Partner with security and compliance to map each criterion to an owner and to systems. Who owns access reviews? Who owns change management evidence? Who owns incident response documentation? Get that on paper and socialize it so that when audit prep starts, there's no scramble to figure out who has what. Build a control matrix that your team can maintain and that auditors can follow.
Type I vs. Type II
Type I is a point-in-time snapshot of control design. Type II is the one that matters for enterprise sales: auditors test operating effectiveness over a period (e.g., 6–12 months). You need durable processes and evidence-not one-off documentation. That means your access review process runs every quarter, your change pipeline is used for every deploy, and your incident process is followed for every incident. Auditors will sample evidence across the period; if you only started doing things "the right way" last month, you'll have gaps.
Plan for the audit period.
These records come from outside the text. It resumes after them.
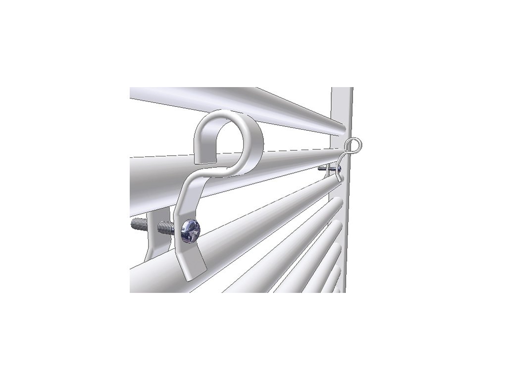 Obsah dodávky: sušák ručníků na dva ručníky + komponenty potřebné k instalaci (upínky, šrouby, podložky), návod k instalaci
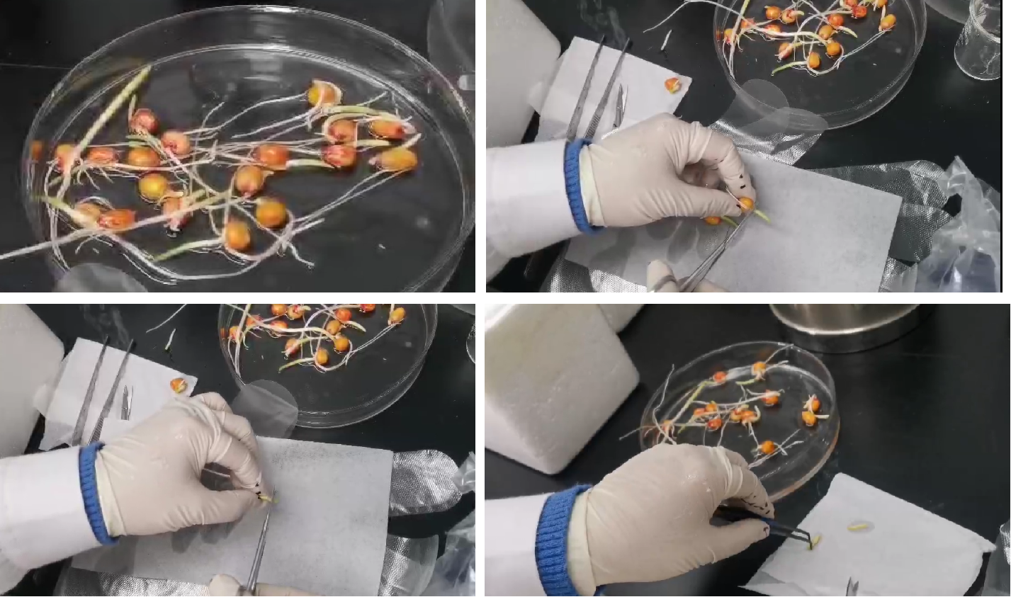 :本方法推薦蒸餾水作為植物組織表面清洗緩沖液,不建議直接用1xPBS作為植物組織表面清洗緩沖液,為了維持組織形態(tài)結(jié)構(gòu)原始穩(wěn)定性,高濃度PBS會導(dǎo)致植物組織細(xì)胞容易收縮變形,選擇蒸餾水可以簡單快速清洗干凈表面污漬。如果采用蔗糖溶液作為冷凍保護(hù)液,可以采取相應(yīng)濃度蔗糖(1x PBS配置)做為植物清洗緩沖液。
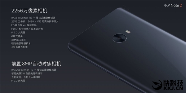 小米Note 2前置攝像頭則是IMX 268 800萬像素相機,具備F/2.0光圈,智能美顏3.0功能。支持自動對焦,自拍合影優選,人人都清晰。
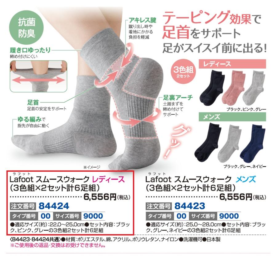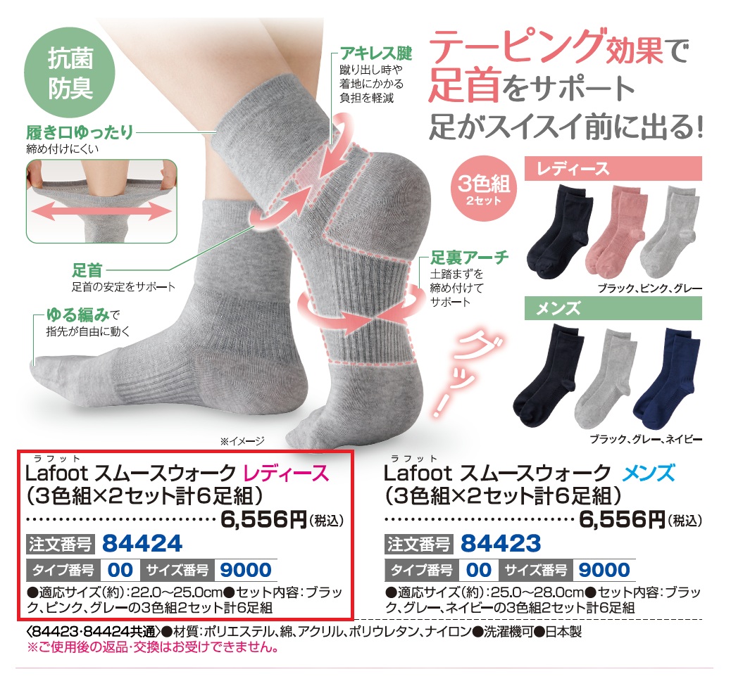 3. Lafootスムースウォーク レディース(3色組×2セット計6足組)

Know when your Type II period starts and ends, and ensure that from day one you're generating and retaining the evidence you'll need. Work with your auditor or compliance team to understand exactly what they'll sample (e.g., 25 access reviews, 20 change records, 5 incidents) so you can ensure your systems produce that evidence consistently.
Controls technical leaders typically own
Access reviews and least privilege (IAM, RBAC, offboarding); change management (deploy pipelines, approvals, rollback); monitoring and incident response (alerting, runbooks, post-incident reviews); and vulnerability and patch management. Partner with security and compliance early; embed control requirements in platform and tooling so evidence is automatic. For example, access reviews should be run from your IdP or IAM system, not in a spreadsheet. Change evidence should come from your CI/CD and ticketing system. Incident evidence should come from your incident tool and postmortem templates.
Automate where you can. The less manual work required to produce evidence, the more likely it will happen on schedule and the less burden on the team. Use runbooks, playbooks, and automated reports so that "evidence collection" is just "doing the job." When you add a new control or system, ask: how will we evidence this for audit? Design that in from the start.
SOC 2 readiness is a product of how you build and operate, not a project you run once. Design controls into your SDLC and ops from day one.